Sometimes it feels like as mothers, we're shamed for everything these days. It's very much a damned if you do, damned if you don't situation. Even though I hated what she said about me, in a way it helped to thicken my skin. She also helped me give her a little grace, because her question made me wonder about the motives in her heart. I have no clue why, but maybe she said what she said because she wasn't in a good place after she had her baby or and she was unhappy with herself. Maybe it hurt her to see me in a good place. I'm not sure, and truthfully, I'll never know the motive behind what she said, but I do hope that whatever the reason was (if there even was one), she finds healing.
Depsite her words, I worked out right until the day I went into labor, and I thank God everyday I did so because I know without a doubt that I wouldn't have made it through 49 hours of labor without an epidural if I hadn't. I only gained 24 pounds, and I'm pretty sure some of it was the muscles in my legs from all of the squats I did. Working out during my pregnancy gave me the strength — physically, mentally, and emotionally — to endure a complicated labor and delivery and an even rougher postpartum period.

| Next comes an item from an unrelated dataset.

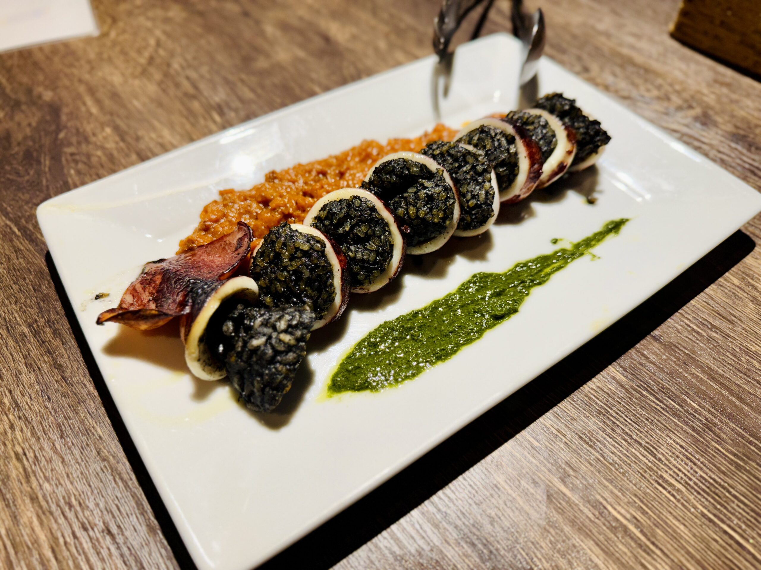 イカスミ味のライスをイカに詰め込み、イカの肉を使ったトマトソースとバジルソースでいただきます。ソースもシャレてるけど、イカ自体が柔らかくて最高にうまいし、ライスの味付けも最高!

At eight days postpartum I'd lost all of the weight I'd gained during my pregnancy, and by two weeks postpartum I was able to start working out again. Though I would never suggest that what worked for me is what will work for someone else (or even that a "healthy pregnancy" is the only way to be), I know that the results of my journey speak for themselves. I know that her words can't touch me. And more than anything,I know what I chose for my body and for my baby is nothing, absolutely nothing to be ashamed of.